En el discurso de este 1o de diciembre, que se convierte en una pieza para la historia, Nicolás Maduro expresó: “Le digo al pueblo que dejo mi destino en sus manos. Si vuelve a ganar la oposición, yo me voy de la presidencia”.
¿Cómo interpretar estas palabras que pespuntan una línea entre el cinismo y la manipulación?, ¿son una cachetada a la población?, ¿son unos trozos de leña para avivar el fuego entre sus filas y así avistar las disidencias que persisten?, ¿son parte de los ladrillos con los que sigue fabricándose una oposición a la medida?, ¿son una exigencia de librito hecha por alguno de sus aliados para mantener las apariencias democráticas?, ¿o qué más hay en este discurso?
Sean lo que sean estas palabras, a pocos días de un manipulado evento electoral, en el fondo parecen responder a un profundo convencimiento del régimen de que no corre el riesgo de perder el poder. Quizá por ello, o precisamente para estimular este hecho, primero Nicolás Maduro ya había ordenado la activación plena de los comandos de base del PSUV para garantizar la movilización de votantes en las parlamentarias de este 6 de diciembre y, luego, prometió premiar “con lo que necesiten” a las 100 comunidades y sus Unidades de Batalla Bolívar-Chávez que registren mayor votación. Luego, entre chistes machistas y manejos de campaña, Diosdado Cabello dijo que “el que no vote no come, se le aplica una cuarentena… sin comer”, mientras amenazaba nuevamente con enjuiciar por traición a la patria a los parlamentarios opositores que ganaron por mayoría electoral aplastante su curul en la Asamblea Nacional en diciembre de 2015.
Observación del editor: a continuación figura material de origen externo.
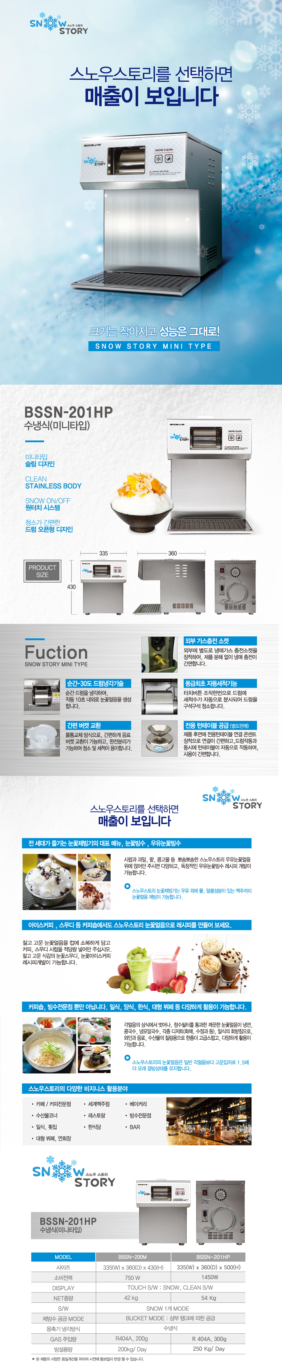 스노우스토리 눈꽃제빙기 BSSN-201HP 수냉식 / 생산량 250kg

Es decir, que los fieles recibirán premios y beneficios, mientras que quienes disienten serán castigados por “traidores”. A unos les lanza migajas que alimentan la esperanza, a los otros la amenaza de cerrarles cualquier opción o de confinarlos en la cárcel.
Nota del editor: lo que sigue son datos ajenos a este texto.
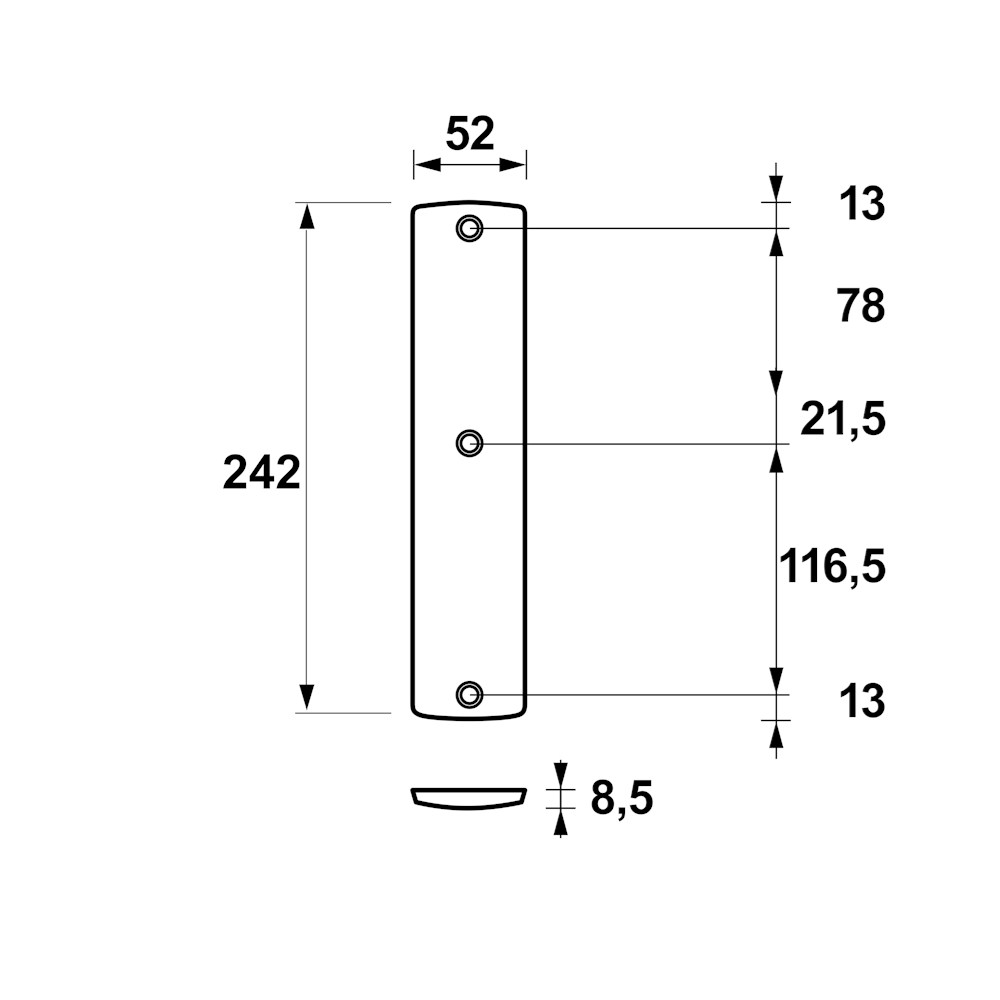 Veiligheidsschild Curve binnen blin/242x52x8,5/alu. gesl. F1/SKG3

En dos décadas de chavismo los venezolanos han protagonizado más de 100 mil protestas para reclamar sus derechos, con un doloroso saldo de muertos, heridos, presos y exiliados, y aun sin alcanzar los objetivos, aunque a veces con más ímpetu que en otras, siguen en la calle manifestando su descontento. Pero el régimen les mantiene la cuerda corta, con la idea de que sostengan un hilo de esperanza, pero no mucho más. Juega con esto a conveniencia, dejando escapar la tensión de tanto en tanto, pero siempre aplicando la purga radical a los más revoltosos.
Por eso mismo sostiene sus amagos de democracia, pues sabe que todavía hay una buena parte de la población que sigue apostando a su salida electoral, aunque su régimen ha probado una y otra vez su talante antidemocrático, arrebatándole al voto todo su sentido. El régimen sabe que esa espera de la gente a que unas elecciones den resultado le puede permitir unos cuantos años más en el poder.
Y es que este régimen necesita a un pueblo dispuesto a esperar, aletargado en una vida en gerundio que se consume poco a poco, pues esa es la fórmula de las colas infinitas para surtirse de gasolina, de pasar penurias y pagar coimas para poder comprar una bombona de gas, de peregrinar de hospital en hospital en busca de atención y del desvanecimiento silente de muchos a causa del hambre, a la par de otros tantos que dejan a un lado sus valores y deciden negociar su sobrevivencia.
La desesperanza implica desesperación y con ella vienen emociones como el enojo y la ira, que suelen traducirse en acciones violentas en muchos casos o, por decir lo menos, poco racionales, pues están impulsadas por la idea de que “ya no hay nada que perder” porque es inalcanzable lo que se desea. Esa es la línea que el régimen no se permite cruzar. Y por eso ahí van esas palabras al viento de “dejo mi destino en las manos del pueblo de Venezuela”.